(Collected data entries)
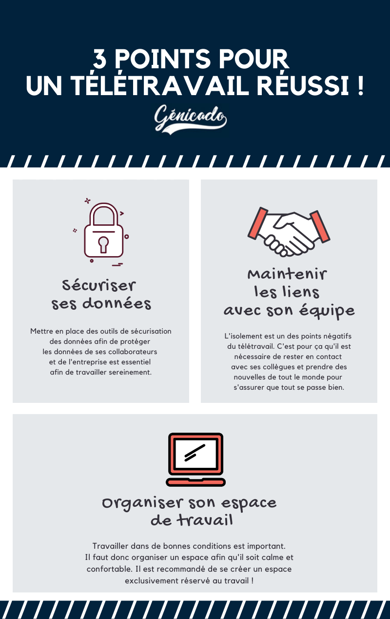 Chez Génicado, nous avons mis en place 3 grands fondements pour que tout se passe au mieux lorsqu’un employé à besoin de télétravailler :
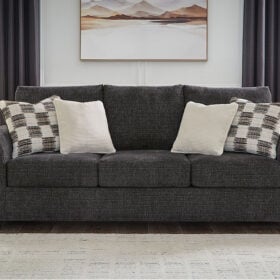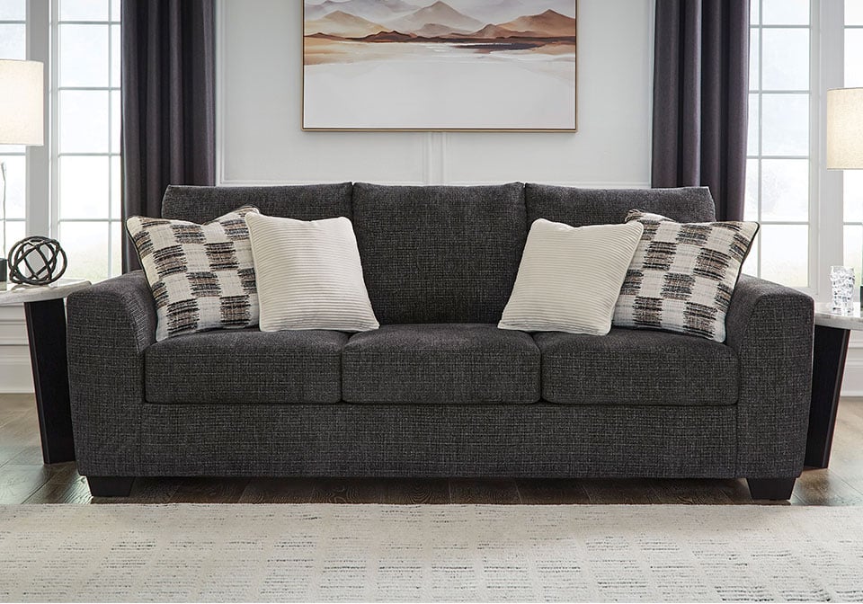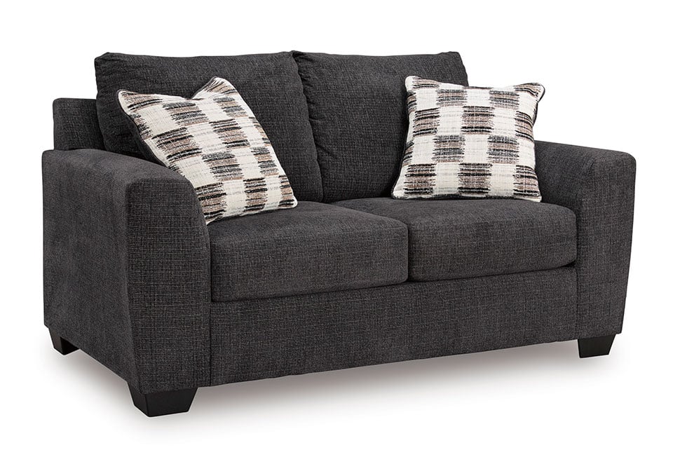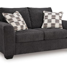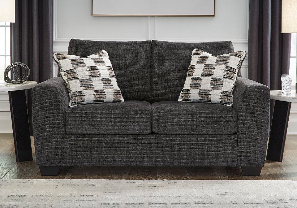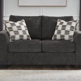 Reinforced frame provides added stability. Attached back and loose seat cushions. High-quality foam cushions wrapped in poly fiber. Pillows with soft polyfill. Polyester upholstery. Exposed feet with faux wood finish. Platform foundation system resists sagging 3x better than spring system after 20,000 testing cycles by providing more even support. Smooth platform foundation maintains tight, wrinkle-free look without dips or sags that can occur over time with sinuous spring foundations.
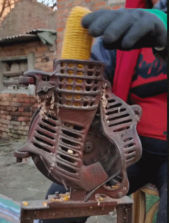 Here is a manual corn sheller that lets you remove corn kernels with less effort using a crank mechanism. You simply have to crank the handle clockwise. It has an adjustable design to accommodate corns of all sizes. This sheller can be fixed on a stool.
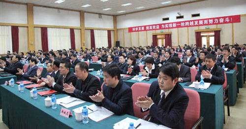 集團(tuán)公司總經(jīng)理高仰才向大會(huì)作了題為《科學(xué)發(fā)展,提高效益,為實(shí)現(xiàn)新一輪跨越發(fā)展而努力奮斗》的行政工作報(bào)告。報(bào)告首先回顧了集團(tuán)公司“十一五”的工作。“十一五”期間,集團(tuán)公司以科學(xué)發(fā)展觀為指導(dǎo),堅(jiān)持“以煤炭開(kāi)發(fā)為基礎(chǔ)、以煤化工為主導(dǎo)、多元發(fā)展”的戰(zhàn)略思路,積極主動(dòng)地應(yīng)對(duì)金融危機(jī)等各種內(nèi)外經(jīng)營(yíng)環(huán)境的變化,上下團(tuán)結(jié),砥礪奮進(jìn),取得了令人鼓舞的好成績(jī)。煤炭產(chǎn)量由“十五”末的3082萬(wàn)噸增長(zhǎng)到1億噸,凈增加近7000萬(wàn)噸,增幅為227%;銷售收入由“十五”末的90億元增長(zhǎng)到515億元,增幅為450%;利潤(rùn)由“十五”末的4.3億元增長(zhǎng)到80億元,增幅為1760%;化工主要產(chǎn)品產(chǎn)量2010年完成400多萬(wàn)噸;參控股電力裝機(jī)突破500萬(wàn)千瓦;機(jī)械制造、建筑施工等產(chǎn)業(yè)均有大幅增長(zhǎng);資產(chǎn)規(guī)模達(dá)到1330億元,比“十五”末翻了三番,在中國(guó)企業(yè)500強(qiáng)排名由“十五”末的353位提升到2010年的195位,順利實(shí)現(xiàn)了“十一五”確定的“15558”戰(zhàn)略目標(biāo)。高仰才從堅(jiān)持項(xiàng)目帶動(dòng),產(chǎn)業(yè)結(jié)構(gòu)進(jìn)一步優(yōu)化;完善市場(chǎng)體系,營(yíng)銷質(zhì)量不斷提高;深化企業(yè)改革,不斷創(chuàng)新發(fā)展模式;安全形勢(shì)穩(wěn)定,為發(fā)展提供了有力保障;以科技為引領(lǐng),關(guān)鍵技術(shù)取得了重大突破;節(jié)能減排成效顯著,循環(huán)經(jīng)濟(jì)進(jìn)一步發(fā)展;扎實(shí)推進(jìn)民生工程,不斷建設(shè)和諧企業(yè);積極履行社會(huì)責(zé)任,塑造良好的企業(yè)形象等八個(gè)方面總結(jié)了集團(tuán)公司“十一五”發(fā)展成就,指出“十一五”是陜煤化集團(tuán)奠定基礎(chǔ)、快速壯大的五年,是歷經(jīng)挑戰(zhàn)、繼往開(kāi)來(lái)的五年,也是職工受益最多、得到實(shí)惠最大的五年。
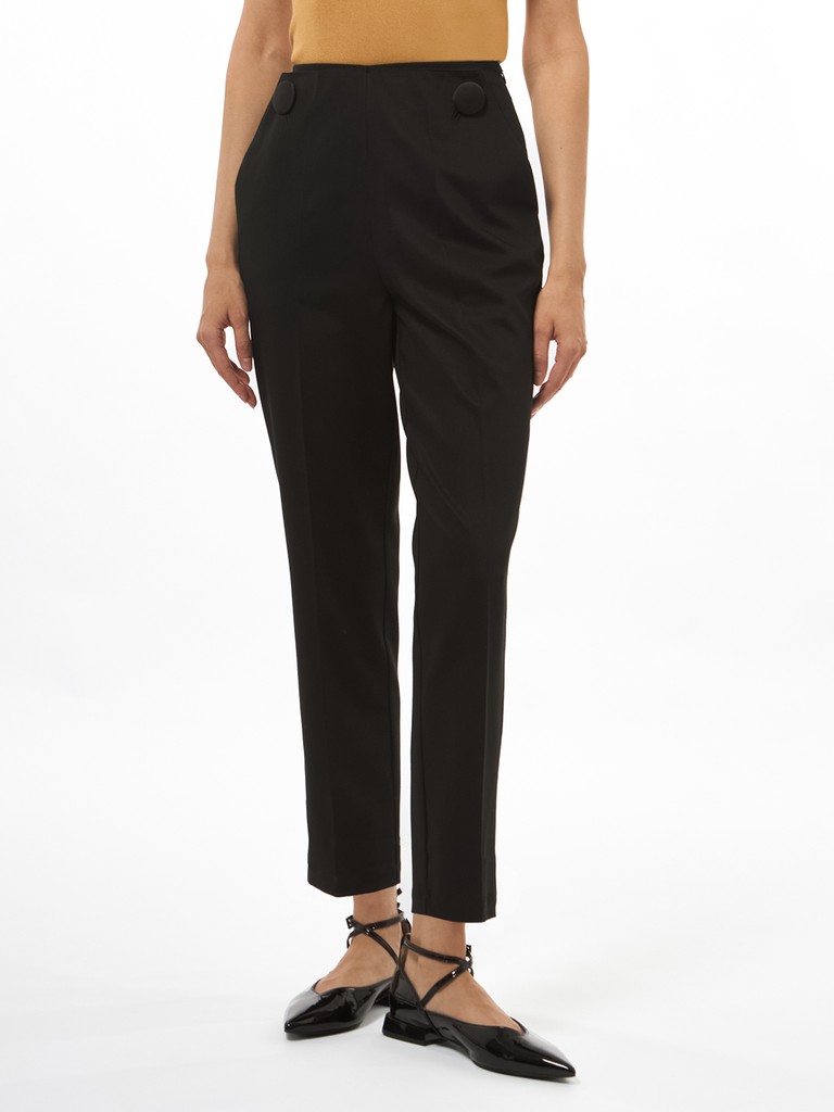 Эти женские брюки зауженного силуэта – элегантная основа для создания разнообразных образов. Лаконичный дизайн с косыми карманами делает их универсальными и подходящими для любого времени года. Для этой модели мы выбрали прочную и приятную к телу ткань, которая хорошо сохраняет форму. Носите их с блузой и каблуками для создания изысканного делового образа или с футболкой и кроссовками для более непринужденного стиля.
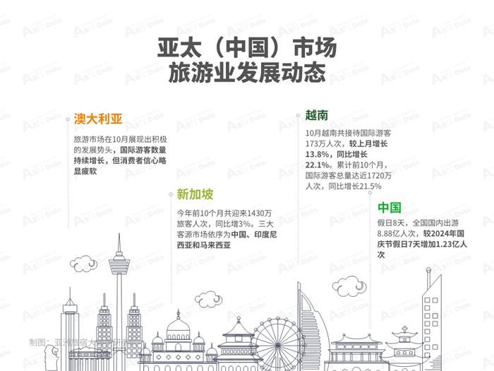 澳大利亚方面,根据亚洲旅宿大数据研究院监测的10月数据,澳大利亚旅游市场在10月展现出积极的发展势头,国际游客数量持续增长,但消费者信心略显疲软。同时,近期发生的中国公民登山事故也为旅行安全敲响了警钟。10月份,澳大利亚凭借其标志性的文化和体育赛事,成功吸引了全球目光和大量游客。停办多年的“永远的好朋友” 大型音乐节在10月成功重启。这一音乐盛事吸引了包括泰勒·斯威夫特在内的国际顶级巨星参演,不仅引爆了本土票房,更吸引了大量跨州乃至国际乐迷前往主办地,极大地拉动了当地酒店、餐饮和交通的消费。体育赛事吸引全球游客:10月,澳大利亚举办了多项国际级体育赛事,例如在维多利亚州吉朗举行的世界自行车锦标赛。这类大型体育事件不仅带来了直接的参赛者和观赛游客,也通过媒体转播提升了举办城市的国际知名度,对旅游业产生了长效影响。
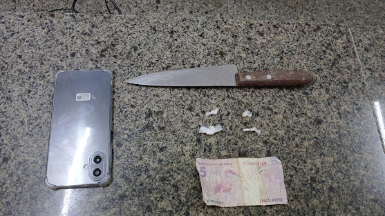 Na ação, foram apreendidos a faca utilizada pelo suspeito, entorpecentes, dinheiro em espécie e um aparelho celular. Um usuário que estava no local foi conduzido à delegacia para prestar esclarecimentos.

* [PROBLEM TO SOLVE] Say again, word for word, the lines beginning at the top of the data and ending with the line that has "Here is a manual". Skip the pictures.

* [PROBLEM SOLUTION]
 Chez Génicado, nous avons mis en place 3 grands fondements pour que tout se passe au mieux lorsqu’un employé à besoin de télétravailler :
 Reinforced frame provides added stability. Attached back and loose seat cushions. High-quality foam cushions wrapped in poly fiber. Pillows with soft polyfill. Polyester upholstery. Exposed feet with faux wood finish. Platform foundation system resists sagging 3x better than spring system after 20,000 testing cycles by providing more even support. Smooth platform foundation maintains tight, wrinkle-free look without dips or sags that can occur over time with sinuous spring foundations.
 Here is a manual corn sheller that lets you remove corn kernels with less effort using a crank mechanism. You simply have to crank the handle clockwise. It has an adjustable design to accommodate corns of all sizes. This sheller can be fixed on a stool.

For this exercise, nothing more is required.